┌──

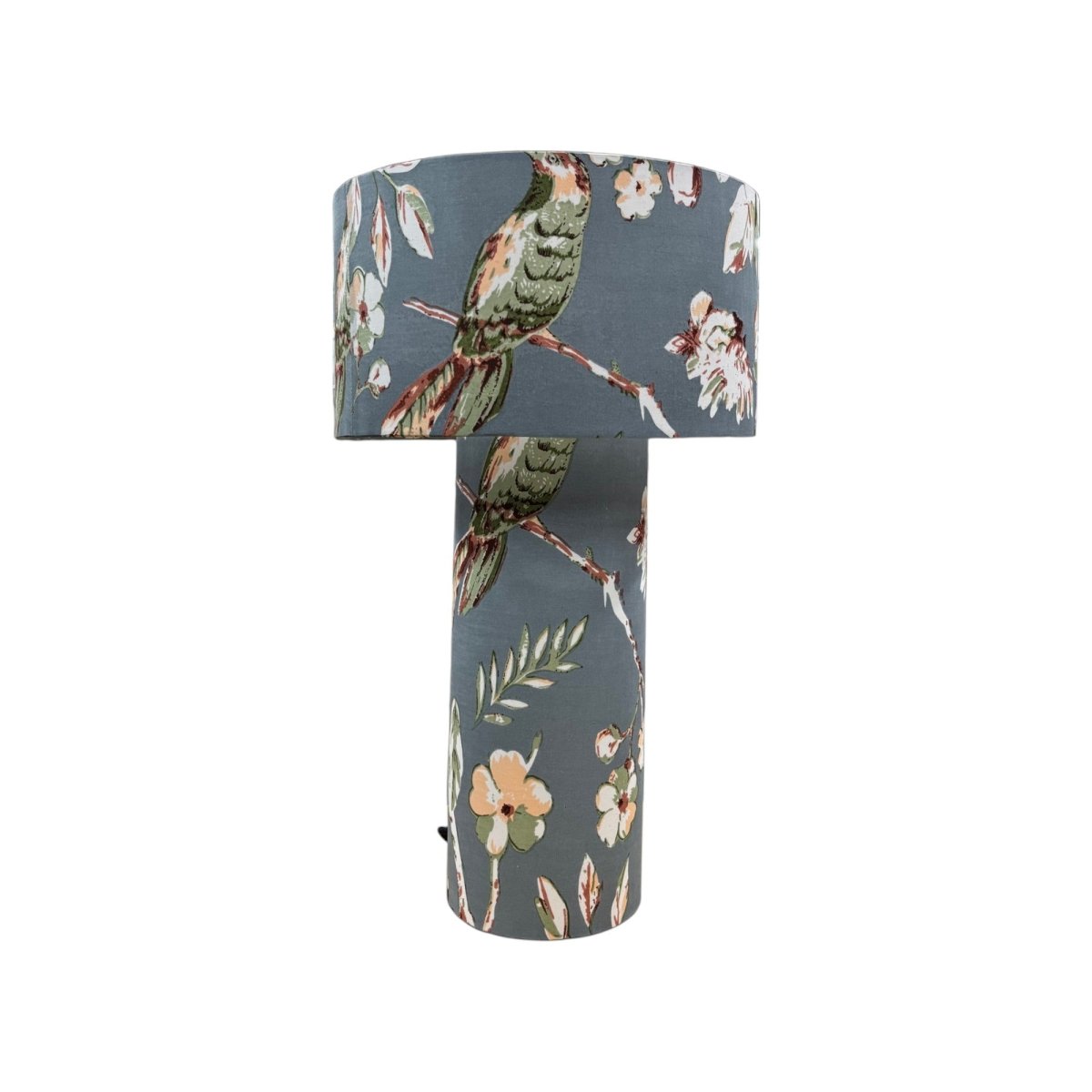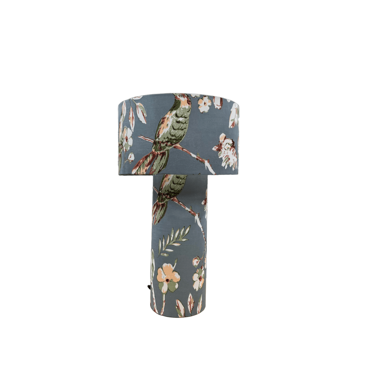 This charming table lamp features a printed cotton shade adorned with a grey bird pattern. Each lamp is uniquely individual, with subtle variations in the print that add character and whimsy to your space. The design brings a touch of nature-inspired elegance to any room, making it an ideal accent piece for bedside tables, desks, or living areas. Perfect for those who appreciate handcrafted details and one-of-a-kind home décor.
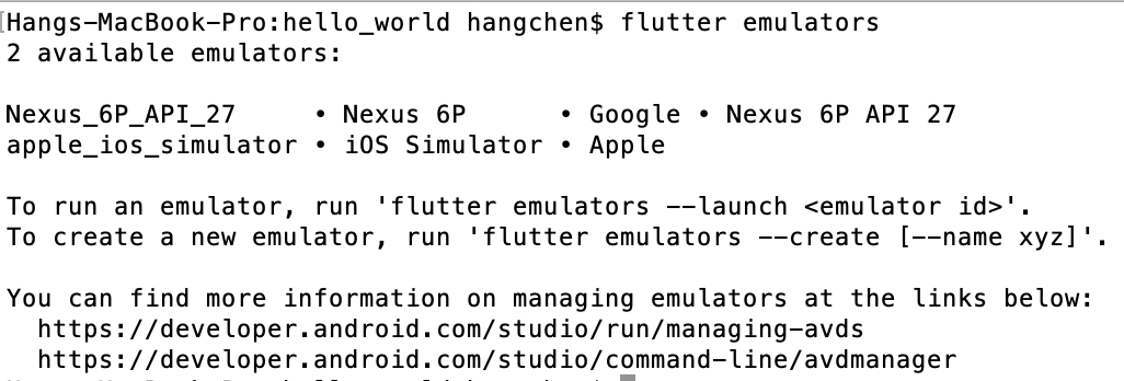 首先,我给你介绍的是通过Flutter命令行运行的模式。进入hello_world目录,输入flutter emulators命令,查看当前可用的模拟器:
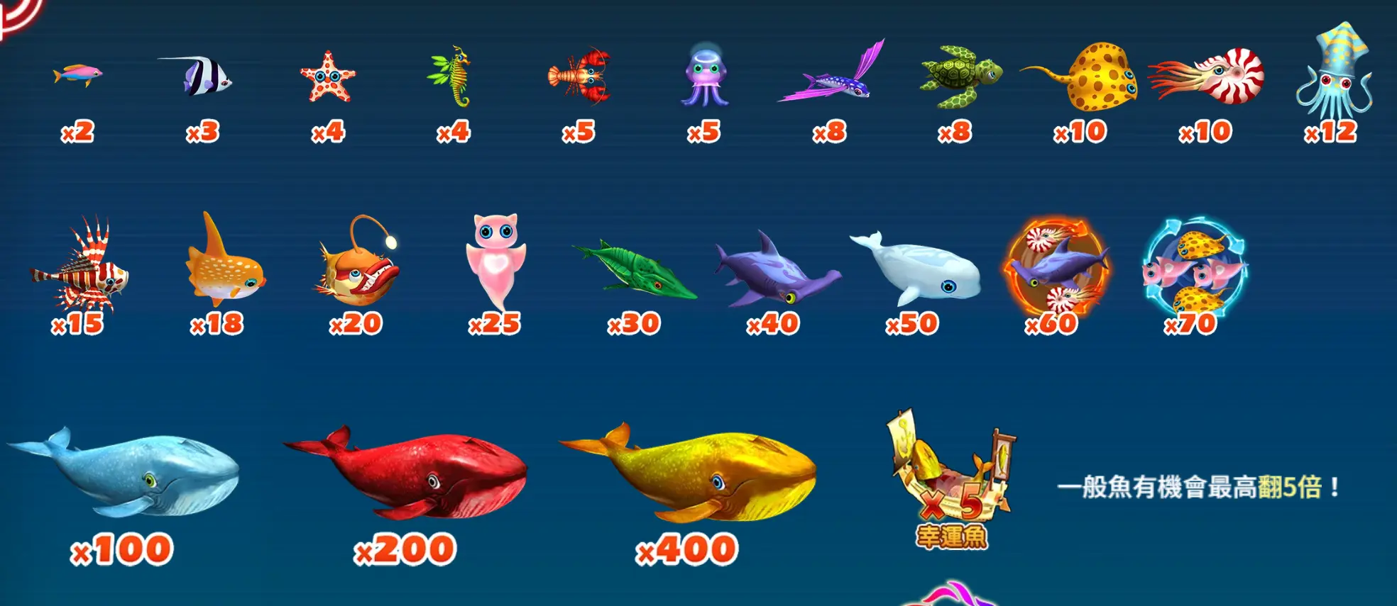 遊戲中特別加入了「幸運魚加乘機制」,簡單來說,就是原本的普通魚類,有機會在被擊中時突然翻倍,最高可觸發x5倍獎勵。舉例來說,一隻原本只有x20倍的海龜,在幸運狀態下有機會變成x100,這種突然出現的暴擊讓整體遊戲充滿不確定與刺激感!
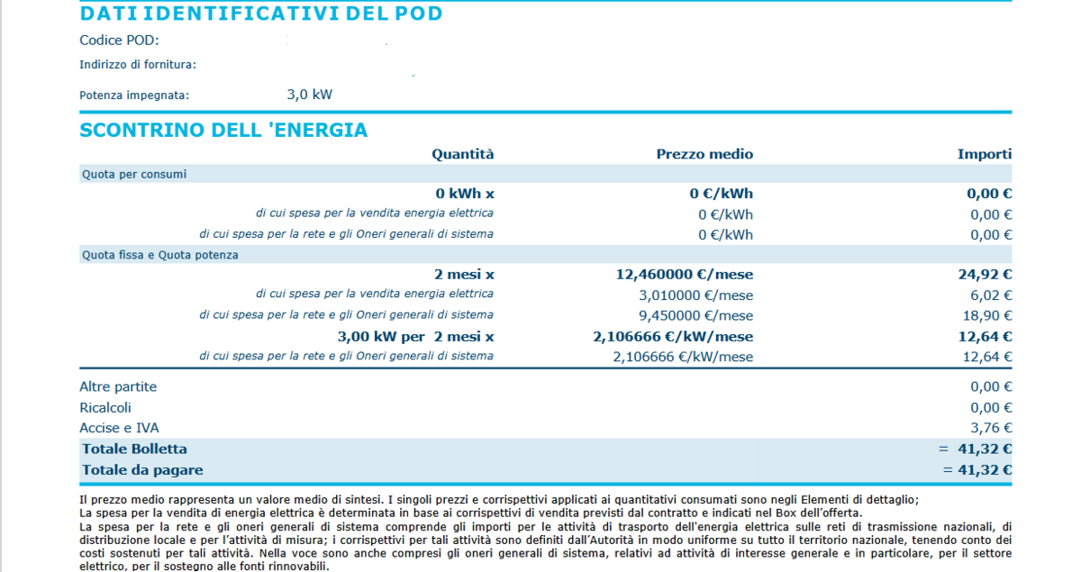 Non è una provocazione né un artificio retorico, ma un dato oggettivo, certificato dalla bolletta. A fronte di 0 kWh consumati e 0 euro di spesa per l’energia, il totale da pagare ammonta a 41,32 euro, interamente composto da quote fisse, quota potenza, oneri di sistema, accise e IVA.
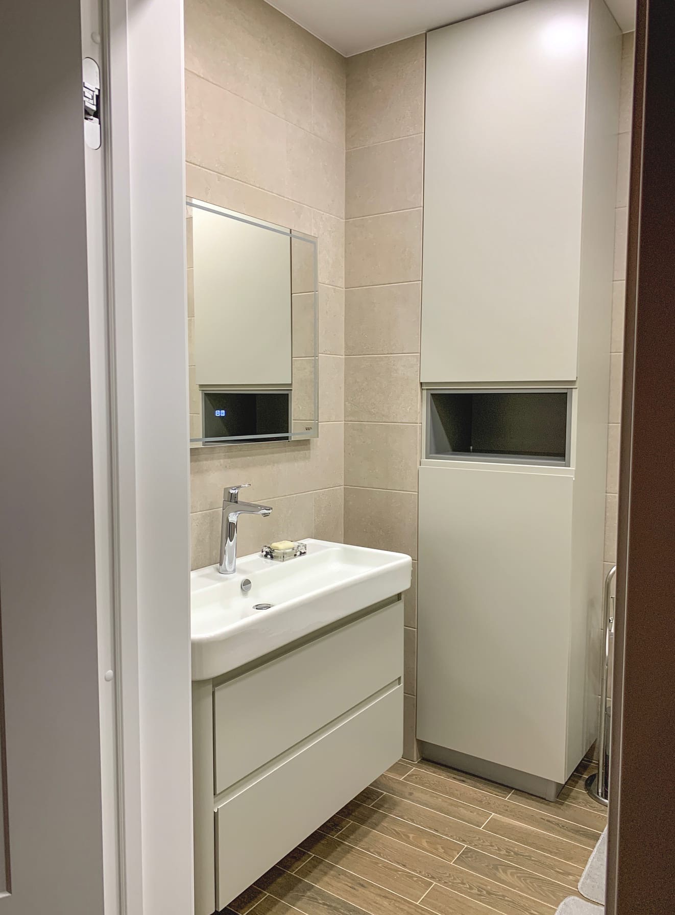 В ванную комнату была изготовлена тумба под раковину и шкаф для хранения.
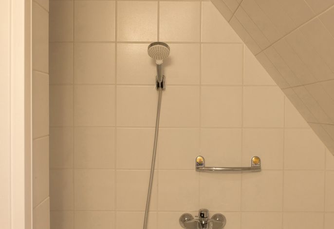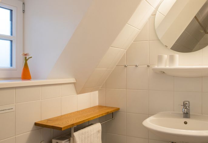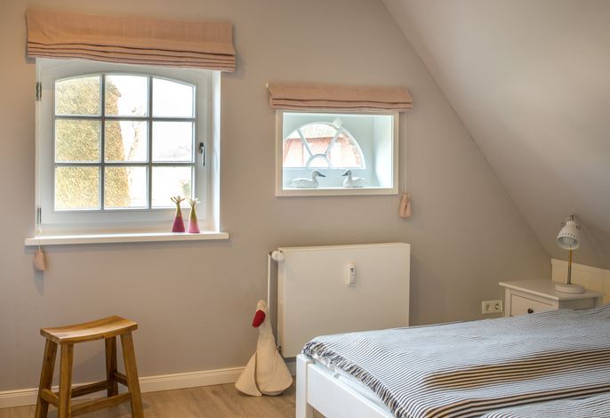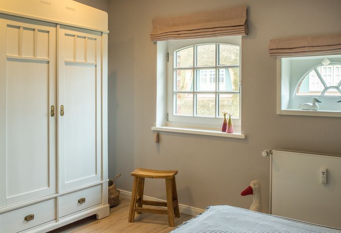 Im Obergeschoss: 1 Schlafzimmer mit Doppelbett (zweiter Fernseher), 1 Schlafzimmer mit 2 Einzelbetten, kleines Wannenbad/WC mit Fenster.
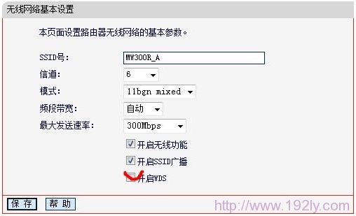 2、激活WDS功能:重啟完成后,利用更新后的LAN口IP地址重新訪問無線路由器A,在“無線設置”——>“基本設置”中勾選“開啟WDS”選項。
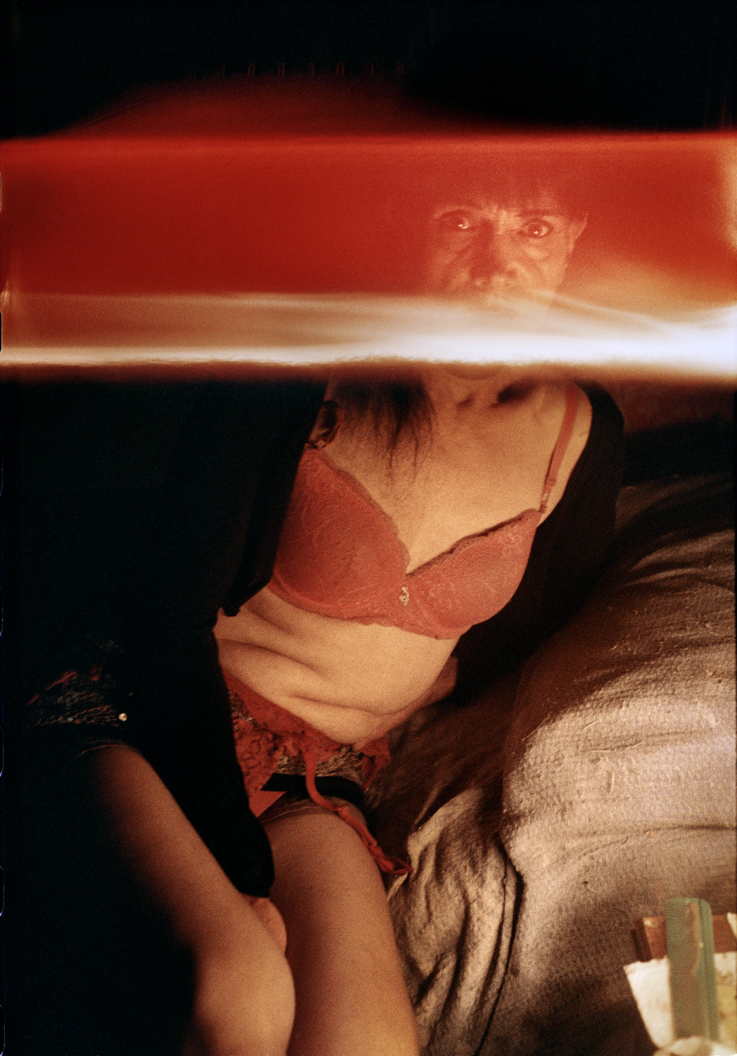 La struttura di questo libro segue inevitabilmente un’esperienza vissuta e condivisa che ha il ritmo di una giornata compressa, che si ripete sempre uguale. […] Io quando sono a Catania passo le mie giornate con loro a tempo pieno, a volte accompagnando Marcello e Antonio lungo il tragitto da casa fino a San Berillo e poi rimanendo nel quartiere fino a che ci rimangono loro. Cerco di essere invisibile perché la mia presenza potrebbe inibire i clienti e disturbare le ragazze che hanno bisogno di lavorare, così mi muovo da una stanza all’altra – ripetendo più volte il giro – cercando di riempire i loro momenti vuoti. Le fotografie sono degli intervalli che scandiscono questo ripetitivo tran tran quotidiano e le nostre sessioni non sono mai troppo lunghe perché le ragazze sono volubili e imprevedibili e se mi si concedono è perché ne hanno davvero voglia. Così ci siamo fatti compagnia e abbiamo imparato a conoscerci nel corso del tempo […]”
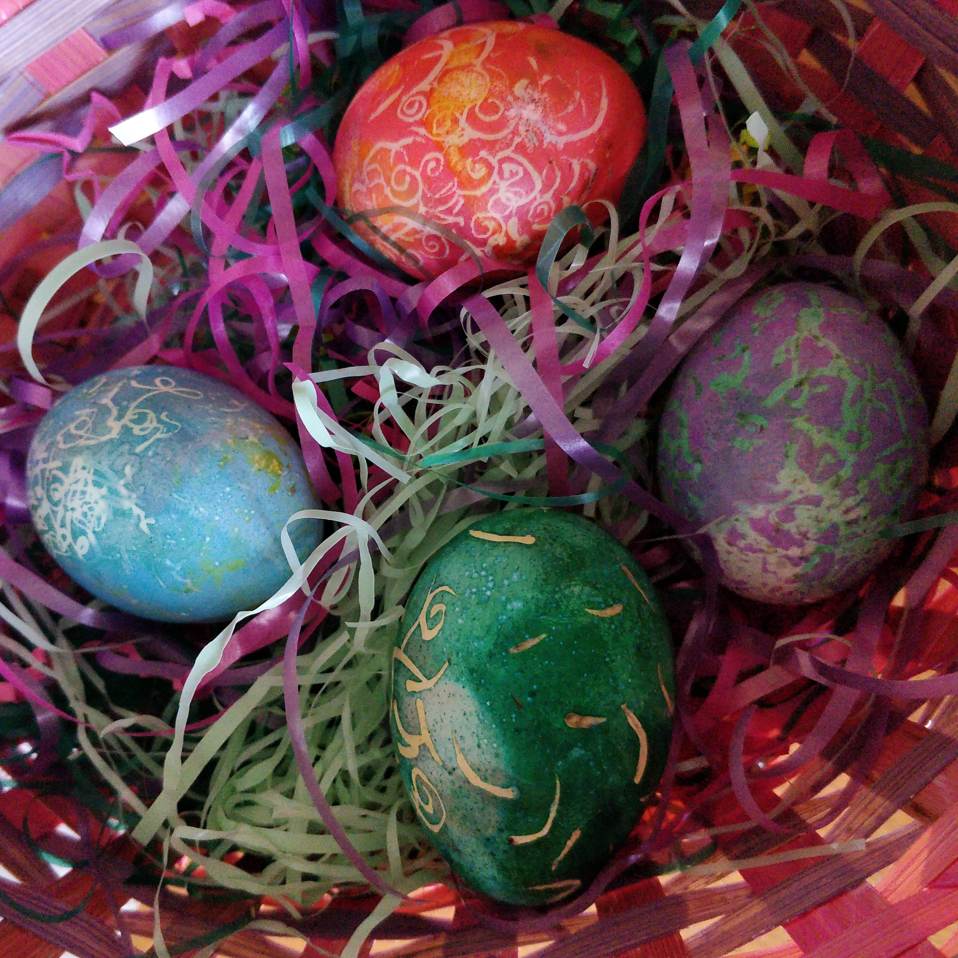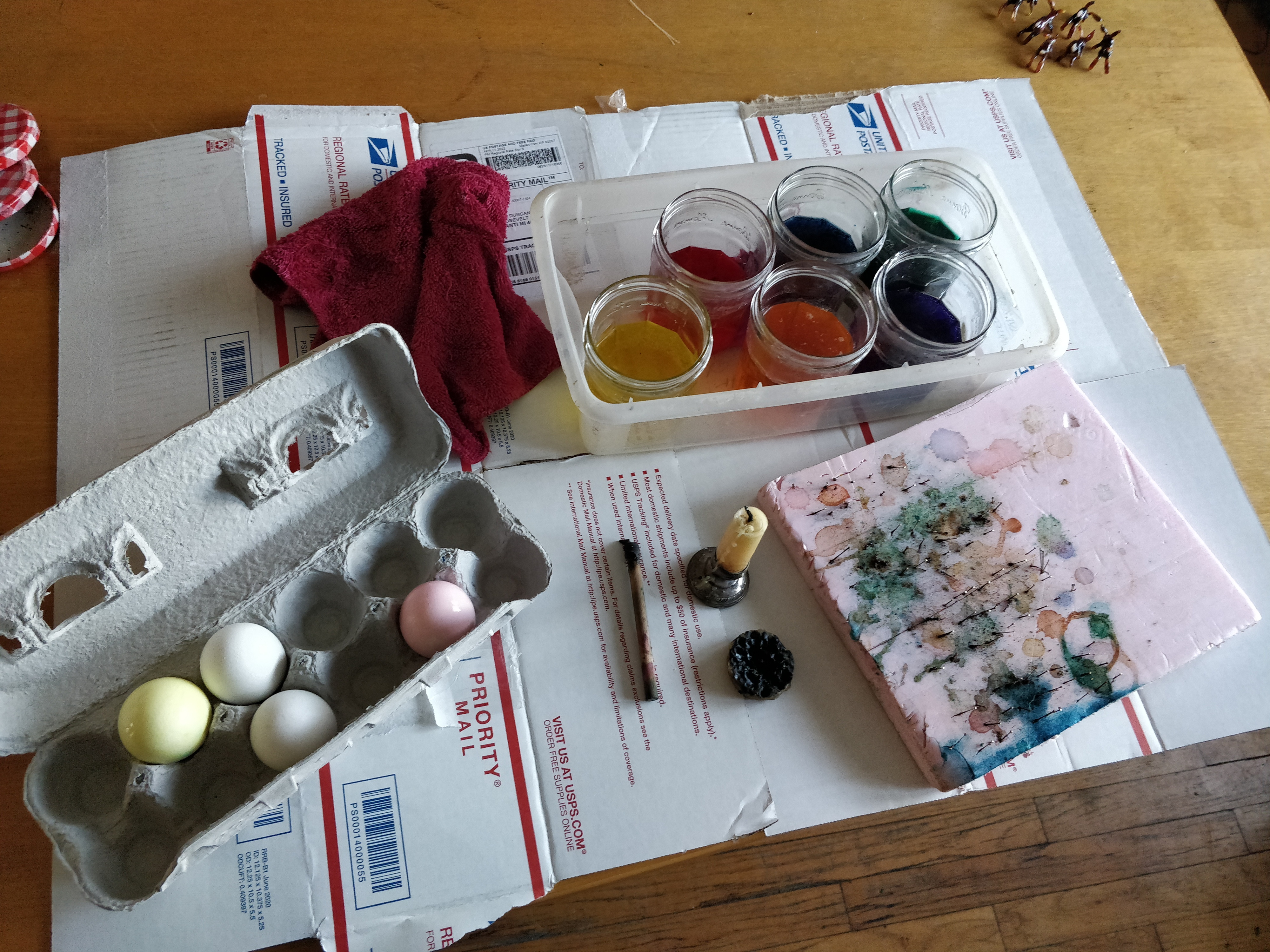 It's been years since I've done pysanky, or mebbe I'd better call these “pysanky” because I've strayed pretty far from the tradition; partly because we no longer have exchange students to whom we wish to expose the US custom of dyeing eggs, and not least because the pandemic sort put a damper on this sort of celebration.

└──

● Work request
Exact repeat, pictures omitted: give every line from the top of the records down to and including the line with "2、激活WDS功能:重啟完成".

● Result for this task
 This charming table lamp features a printed cotton shade adorned with a grey bird pattern. Each lamp is uniquely individual, with subtle variations in the print that add character and whimsy to your space. The design brings a touch of nature-inspired elegance to any room, making it an ideal accent piece for bedside tables, desks, or living areas. Perfect for those who appreciate handcrafted details and one-of-a-kind home décor.
 首先,我给你介绍的是通过Flutter命令行运行的模式。进入hello_world目录,输入flutter emulators命令,查看当前可用的模拟器:
 遊戲中特別加入了「幸運魚加乘機制」,簡單來說,就是原本的普通魚類,有機會在被擊中時突然翻倍,最高可觸發x5倍獎勵。舉例來說,一隻原本只有x20倍的海龜,在幸運狀態下有機會變成x100,這種突然出現的暴擊讓整體遊戲充滿不確定與刺激感!
 Non è una provocazione né un artificio retorico, ma un dato oggettivo, certificato dalla bolletta. A fronte di 0 kWh consumati e 0 euro di spesa per l’energia, il totale da pagare ammonta a 41,32 euro, interamente composto da quote fisse, quota potenza, oneri di sistema, accise e IVA.
 В ванную комнату была изготовлена тумба под раковину и шкаф для хранения.
 Im Obergeschoss: 1 Schlafzimmer mit Doppelbett (zweiter Fernseher), 1 Schlafzimmer mit 2 Einzelbetten, kleines Wannenbad/WC mit Fenster.
 2、激活WDS功能:重啟完成后,利用更新后的LAN口IP地址重新訪問無線路由器A,在“無線設置”——>“基本設置”中勾選“開啟WDS”選項。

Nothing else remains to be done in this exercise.